We like to repost this every year. Because every year many golfers need reminding that your golf game doesn’t just switch one because summer is here. Just like the pros, our poor excuse for a golf game still requires some work if we want to shoot 40 points or take out the club comp.
Footy finals, hoodies, chilly mornings and thankfully all that rain, are starting to give way to sunshine, longer days and the lure of a summer on the golf course. Your hibernating golfing buddies are now dusting off the teledex, itching to give you a call and tee up that next round of golf.
But ask yourself this – are you ready?
Is your game in good enough shape to set yourself up for a great summer of golf? Do you have all the necessary ingredients in place to make this a summer of golf one to never forget? After all, it would be a pity to go and ruin the whole thing by going out there and playing crap golf.
Here are 18 tips to prepare yourself for the upcoming summer of golf that should go some way towards making this summer an enjoyable time on the golf course.
1. Practice putting
By all means, play lots of rounds and hit lots of balls but don’t forget your short game, particularly your putting.

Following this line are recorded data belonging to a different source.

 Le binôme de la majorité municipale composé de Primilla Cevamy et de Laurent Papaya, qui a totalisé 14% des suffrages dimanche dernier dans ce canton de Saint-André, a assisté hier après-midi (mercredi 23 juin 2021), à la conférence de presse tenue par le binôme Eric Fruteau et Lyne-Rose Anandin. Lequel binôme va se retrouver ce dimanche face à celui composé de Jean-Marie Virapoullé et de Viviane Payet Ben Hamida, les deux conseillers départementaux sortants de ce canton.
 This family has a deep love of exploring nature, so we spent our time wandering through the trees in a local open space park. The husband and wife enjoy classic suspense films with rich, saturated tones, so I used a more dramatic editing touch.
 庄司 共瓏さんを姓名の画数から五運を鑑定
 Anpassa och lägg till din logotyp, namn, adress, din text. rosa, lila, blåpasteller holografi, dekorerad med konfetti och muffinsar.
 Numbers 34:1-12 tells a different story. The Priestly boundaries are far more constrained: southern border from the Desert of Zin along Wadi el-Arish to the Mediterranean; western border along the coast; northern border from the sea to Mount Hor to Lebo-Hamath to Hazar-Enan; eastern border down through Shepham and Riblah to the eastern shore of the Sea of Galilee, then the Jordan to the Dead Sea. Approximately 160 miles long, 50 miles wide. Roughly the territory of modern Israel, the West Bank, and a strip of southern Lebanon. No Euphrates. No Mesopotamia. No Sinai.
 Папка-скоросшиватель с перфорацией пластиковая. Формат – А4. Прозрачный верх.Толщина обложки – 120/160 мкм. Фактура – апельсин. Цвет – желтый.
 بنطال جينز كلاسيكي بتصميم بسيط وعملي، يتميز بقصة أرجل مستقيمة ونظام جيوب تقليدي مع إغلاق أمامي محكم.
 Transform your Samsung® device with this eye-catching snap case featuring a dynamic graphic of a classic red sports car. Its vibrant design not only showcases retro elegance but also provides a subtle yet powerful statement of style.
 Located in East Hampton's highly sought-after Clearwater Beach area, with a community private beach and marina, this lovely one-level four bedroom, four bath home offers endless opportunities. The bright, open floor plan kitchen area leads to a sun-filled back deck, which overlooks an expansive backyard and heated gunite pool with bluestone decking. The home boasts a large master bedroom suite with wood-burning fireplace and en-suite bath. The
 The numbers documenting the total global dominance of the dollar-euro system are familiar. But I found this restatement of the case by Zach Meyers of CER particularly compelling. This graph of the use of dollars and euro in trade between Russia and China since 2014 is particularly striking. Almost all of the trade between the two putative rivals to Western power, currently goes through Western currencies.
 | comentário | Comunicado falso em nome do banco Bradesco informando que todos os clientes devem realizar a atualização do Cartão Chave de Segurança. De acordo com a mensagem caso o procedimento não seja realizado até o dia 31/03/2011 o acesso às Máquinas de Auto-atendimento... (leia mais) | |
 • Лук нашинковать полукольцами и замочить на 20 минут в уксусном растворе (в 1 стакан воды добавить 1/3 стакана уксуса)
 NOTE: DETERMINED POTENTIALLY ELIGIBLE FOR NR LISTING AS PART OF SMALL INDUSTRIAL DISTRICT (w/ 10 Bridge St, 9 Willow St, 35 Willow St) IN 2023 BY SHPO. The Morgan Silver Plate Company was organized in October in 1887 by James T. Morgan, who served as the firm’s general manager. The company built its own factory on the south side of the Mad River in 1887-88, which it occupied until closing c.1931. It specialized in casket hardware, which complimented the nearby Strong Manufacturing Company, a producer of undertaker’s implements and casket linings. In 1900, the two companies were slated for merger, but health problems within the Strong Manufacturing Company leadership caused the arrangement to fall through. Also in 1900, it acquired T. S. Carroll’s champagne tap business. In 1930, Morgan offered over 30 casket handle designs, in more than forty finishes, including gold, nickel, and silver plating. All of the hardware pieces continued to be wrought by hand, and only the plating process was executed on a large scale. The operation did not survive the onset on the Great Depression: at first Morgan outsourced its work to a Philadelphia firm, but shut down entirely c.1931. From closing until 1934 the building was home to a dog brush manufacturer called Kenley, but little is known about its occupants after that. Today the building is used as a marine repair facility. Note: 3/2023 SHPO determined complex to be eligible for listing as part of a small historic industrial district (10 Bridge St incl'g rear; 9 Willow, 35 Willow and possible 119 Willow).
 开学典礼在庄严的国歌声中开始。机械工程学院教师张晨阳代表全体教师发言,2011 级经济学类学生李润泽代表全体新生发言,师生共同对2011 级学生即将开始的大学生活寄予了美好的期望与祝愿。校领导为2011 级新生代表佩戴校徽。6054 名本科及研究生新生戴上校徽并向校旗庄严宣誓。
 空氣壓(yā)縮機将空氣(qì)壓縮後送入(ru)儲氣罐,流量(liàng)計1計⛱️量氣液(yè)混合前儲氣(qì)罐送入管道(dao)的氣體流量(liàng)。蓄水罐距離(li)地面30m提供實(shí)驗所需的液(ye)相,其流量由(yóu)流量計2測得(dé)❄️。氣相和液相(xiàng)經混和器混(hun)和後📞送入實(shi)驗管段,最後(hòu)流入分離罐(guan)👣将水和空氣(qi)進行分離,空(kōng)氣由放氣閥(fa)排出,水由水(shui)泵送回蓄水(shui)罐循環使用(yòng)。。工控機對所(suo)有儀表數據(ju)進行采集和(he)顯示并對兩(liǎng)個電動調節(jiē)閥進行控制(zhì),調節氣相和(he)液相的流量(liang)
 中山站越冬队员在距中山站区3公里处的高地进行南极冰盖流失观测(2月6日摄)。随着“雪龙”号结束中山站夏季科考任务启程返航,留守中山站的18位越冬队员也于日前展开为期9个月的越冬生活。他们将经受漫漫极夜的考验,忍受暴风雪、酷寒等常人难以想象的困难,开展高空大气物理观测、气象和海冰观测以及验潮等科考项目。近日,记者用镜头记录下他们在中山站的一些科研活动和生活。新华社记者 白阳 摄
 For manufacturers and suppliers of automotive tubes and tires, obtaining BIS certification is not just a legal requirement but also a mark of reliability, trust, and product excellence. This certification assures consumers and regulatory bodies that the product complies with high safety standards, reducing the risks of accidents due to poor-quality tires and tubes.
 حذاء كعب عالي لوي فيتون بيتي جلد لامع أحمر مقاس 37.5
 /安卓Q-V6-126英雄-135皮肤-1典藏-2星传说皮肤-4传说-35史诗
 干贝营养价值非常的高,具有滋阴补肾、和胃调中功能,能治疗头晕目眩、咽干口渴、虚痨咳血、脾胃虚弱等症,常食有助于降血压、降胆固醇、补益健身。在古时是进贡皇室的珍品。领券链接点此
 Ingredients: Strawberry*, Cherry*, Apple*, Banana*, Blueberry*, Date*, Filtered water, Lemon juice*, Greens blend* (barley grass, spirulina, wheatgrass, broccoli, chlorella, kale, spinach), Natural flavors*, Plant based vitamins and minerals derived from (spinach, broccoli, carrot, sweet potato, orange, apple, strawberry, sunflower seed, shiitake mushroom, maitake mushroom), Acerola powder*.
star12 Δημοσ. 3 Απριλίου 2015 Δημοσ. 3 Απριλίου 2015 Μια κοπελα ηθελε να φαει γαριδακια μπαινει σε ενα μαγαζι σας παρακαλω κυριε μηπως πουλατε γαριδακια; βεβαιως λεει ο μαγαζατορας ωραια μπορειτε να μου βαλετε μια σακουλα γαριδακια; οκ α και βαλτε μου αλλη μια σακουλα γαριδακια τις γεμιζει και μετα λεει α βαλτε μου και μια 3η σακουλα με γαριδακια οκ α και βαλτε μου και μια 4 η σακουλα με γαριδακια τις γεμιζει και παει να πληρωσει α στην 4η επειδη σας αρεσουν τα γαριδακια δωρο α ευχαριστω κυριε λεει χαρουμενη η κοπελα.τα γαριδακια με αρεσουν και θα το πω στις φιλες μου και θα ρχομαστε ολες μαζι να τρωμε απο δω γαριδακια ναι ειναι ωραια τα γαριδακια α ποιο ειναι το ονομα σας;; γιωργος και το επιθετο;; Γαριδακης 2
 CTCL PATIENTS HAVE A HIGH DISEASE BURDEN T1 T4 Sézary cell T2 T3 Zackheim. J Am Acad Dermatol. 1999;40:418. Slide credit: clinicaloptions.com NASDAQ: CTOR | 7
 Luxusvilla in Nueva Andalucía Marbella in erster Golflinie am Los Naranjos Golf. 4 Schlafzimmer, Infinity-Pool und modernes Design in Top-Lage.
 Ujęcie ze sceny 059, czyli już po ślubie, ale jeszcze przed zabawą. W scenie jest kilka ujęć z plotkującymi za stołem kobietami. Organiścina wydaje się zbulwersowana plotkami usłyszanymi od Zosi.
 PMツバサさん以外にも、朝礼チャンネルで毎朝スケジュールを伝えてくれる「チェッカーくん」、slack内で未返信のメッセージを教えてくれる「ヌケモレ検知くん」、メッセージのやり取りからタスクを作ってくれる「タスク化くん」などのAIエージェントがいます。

Spend a good couple of hours at least on the putting green before summer arrives. Then spend a few more hours on the putting green. It can be boring but stick with it. Convince yourself you can putt the ball along a straight line on a flat surface too. ‘Cause, you may be the king of reading the greens, but if you can’t putt the ball on a straight line then you know nothing, Jon Snow.
2. Clean out your golf bag
Now is the time to toss out those manky gloves, crumpled scorecards, chocolate bar wrappers and beaten-up golf balls. Turn the golf bag upside down, throw out that muesli bar you dropped down the driver shaft and score yourself $5 in change. You’ve got a big summer ahead, it’s time for a spring clean. And make sure you add a fresh tube of sun cream to the bag while you’re at it.
3. Practice properly
There is a large body of evidence suggesting that just beating lots of golf balls at the range isn’t a very effective way of practising. You’re better off employing a random practice routine (playing different shots with different shapes, using different clubs) instead of hitting the same shot with the same club over and over. Practice your golf game as if you are on the golf course. Hit the driver followed by a chip out of the trees, followed by a pitch onto the green. If you miss a shot, make sure you return to it later to make sure you get it right.
4. Get fit, get flexible
Ever play a round of golf only to find you’re knackered for the rest of the day? Walking 18 holes not only requires a certain degree of fitness but to make sure your game doesn’t suffer due to fatigue late in your round it’s wise to be even fitter. But don’t just get fit and increase strength – make sure you’re flexible too. If you want that McIlroy-like shoulder turn perhaps you should start the stretching, yoga or pilates classes immediately.
5. Get new grips
While not a guarantee for lower scores, the golf club grips are often overlooked. Ask the pro shop staff if your clubs need new grips. It’s often cheaper than you expect and will make sure there is no need to grip the club too tightly during your golf swing.
6. Get real
Vow to keep a check on your golf game this summer and set realistic expectations. Don’t get angry if you haven’t played well if you’re simply arriving at the first tee straight from the car park. Don’t utter the phrase “played well but scored badly” and think twice before attempting that has very little chance of paying off.
7. Get new golf shoes
If you have new shoes, you can ignore this one but now is a good time to not just get new shoes, but the right ones. You’re going to be walking a lot in these shoes; up to 10km, sometimes more. I’m usually averse to buying new stuff just for the sake of it, but good golf shoes, with firm support, can make a bad day on the golf course a much more bearable one.
8. Get a lesson
Any time is a good time to get a golf lesson but the start of spring is ideal. Get a professional to analyse your swing and knock out those winter cobwebs before the summer sunshine truly breaks through. Book in a follow-up lesson as soon as the first one is finished. It’ll make you practice what you’ve just learned.
9. Get a pre-shot routine
If you don’t have a pre-shot routine, get one. And drum it in until it’s a habit. Pick the shot, pick the club, pick a target, maybe a practice swing and pull the trigger. Same thing, every shot, every week. From the driver right down to the putter. And make it snappy.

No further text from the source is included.